» TASK GOAL
In the material below, print every line exactly and omit the pictures.

DATA FOR THIS TASK Block Start

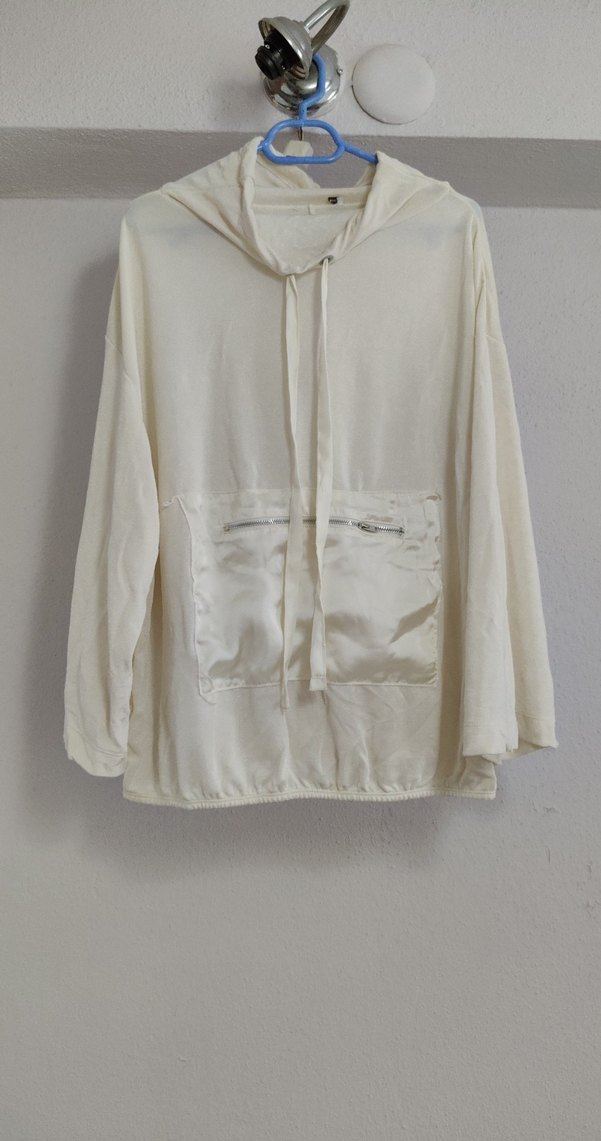 Kadınlar için uzun kollu, kapüşonlu ve bol kesimli, yumuşak keten kumaştan yapılmış beyaz sweatshirt. Fermuarlı ön cepler bulunur, minimalist sokak stili için uygundur.
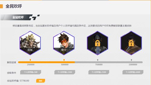 另外目前OWL观赛活动才上线一周,网易CC直播就已经达到了268万的欢呼值,迅速解锁了狂鼠、猎空两款限定联赛主题皮肤!这可是只能在观赛活动中获得的稀有皮肤,国内的观众不用再羡慕国外玩家的皮肤了!不用花钱,只要绑定自己的战网,每日签到后个人欢呼值达到500点就可以把狂鼠和猎空皮肤抱回家了!
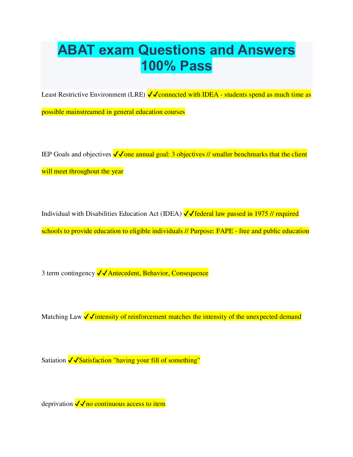 Social Sciences > QUESTIONS & ANSWERS > ABAT exam Questions and Answers 100% Pass (All)
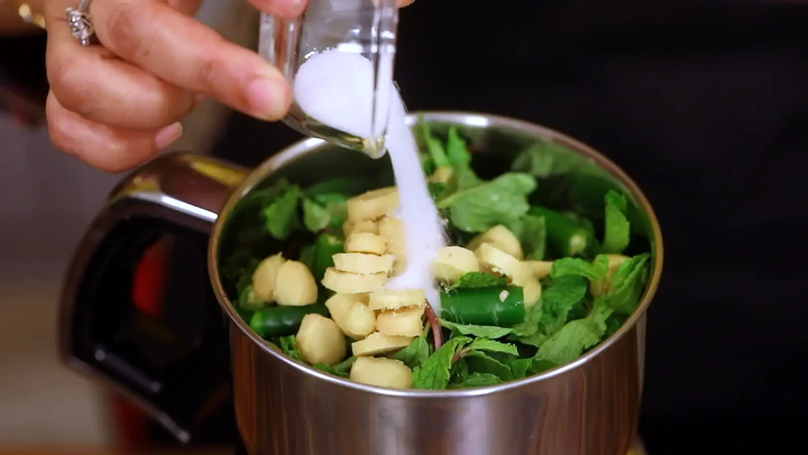 First comes the masala, mint, green chilli, ginger, and salt are ground without water to keep the flavor intense. Only a little water is added at the end to bring it together into a smooth, fragrant paste.
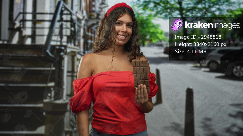 Hispanic teenage woman holding a large chocolate bar, bare shoulder visible, wearing red top and headband on a street near parked cars; playful joy.
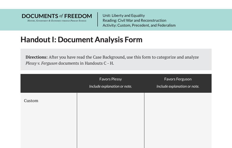 Directions: After you have read the Case Background, use this form to categorize and analyze Plessy v. Ferguson documents in Handouts C – H.
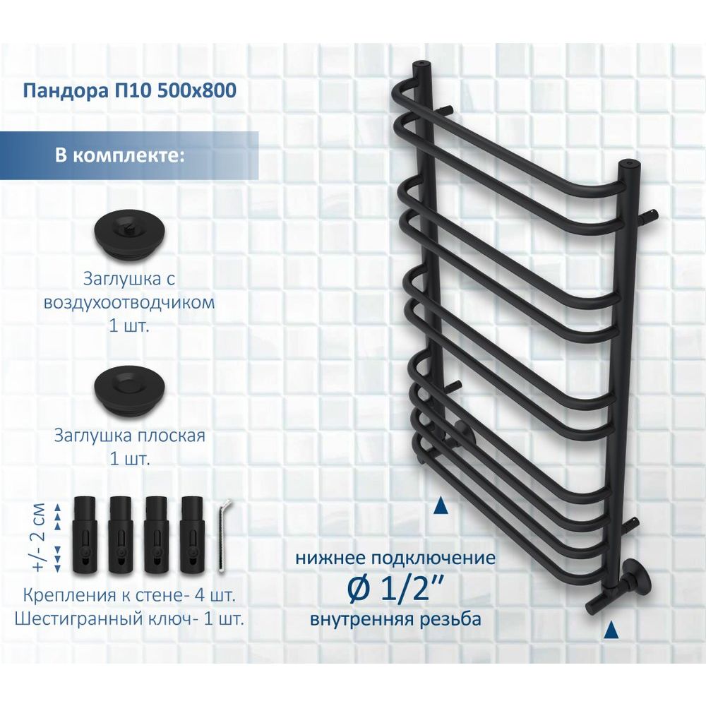Полотенцесушитель водяной Акватек Пандора П10 50x80 черный муар станет элегантным дополнением к вашему санузлу. С его помощью вы сможете не только быстро высушить полотенца, но и обеспечить комфортное тепло в ванной комнате. Высокое качество материалов и современный дизайн делают его надежным и стильным выбором для любой ванной.
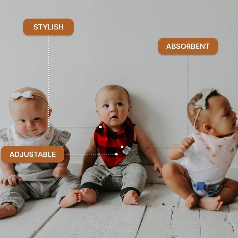 - SUPER SOFT, ABSORBENT & MESS-READY – Made with 100% cotton on the front and soft, absorbent polyester backing, these bibs catch drool, spit-up, and food messes, keeping baby dry, comfortable, and stylish all day long.

DATA FOR THIS TASK Block End

» EXERCISE OUTPUT
 Kadınlar için uzun kollu, kapüşonlu ve bol kesimli, yumuşak keten kumaştan yapılmış beyaz sweatshirt. Fermuarlı ön cepler bulunur, minimalist sokak stili için uygundur.
 另外目前OWL观赛活动才上线一周,网易CC直播就已经达到了268万的欢呼值,迅速解锁了狂鼠、猎空两款限定联赛主题皮肤!这可是只能在观赛活动中获得的稀有皮肤,国内的观众不用再羡慕国外玩家的皮肤了!不用花钱,只要绑定自己的战网,每日签到后个人欢呼值达到500点就可以把狂鼠和猎空皮肤抱回家了!
 Social Sciences > QUESTIONS & ANSWERS > ABAT exam Questions and Answers 100% Pass (All)
 First comes the masala, mint, green chilli, ginger, and salt are ground without water to keep the flavor intense. Only a little water is added at the end to bring it together into a smooth, fragrant paste.
 Hispanic teenage woman holding a large chocolate bar, bare shoulder visible, wearing red top and headband on a street near parked cars; playful joy.
 Directions: After you have read the Case Background, use this form to categorize and analyze Plessy v. Ferguson documents in Handouts C – H.
Полотенцесушитель водяной Акватек Пандора П10 50x80 черный муар станет элегантным дополнением к вашему санузлу. С его помощью вы сможете не только быстро высушить полотенца, но и обеспечить комфортное тепло в ванной комнате. Высокое качество материалов и современный дизайн делают его надежным и стильным выбором для любой ванной.
 - SUPER SOFT, ABSORBENT & MESS-READY – Made with 100% cotton on the front and soft, absorbent polyester backing, these bibs catch drool, spit-up, and food messes, keeping baby dry, comfortable, and stylish all day long.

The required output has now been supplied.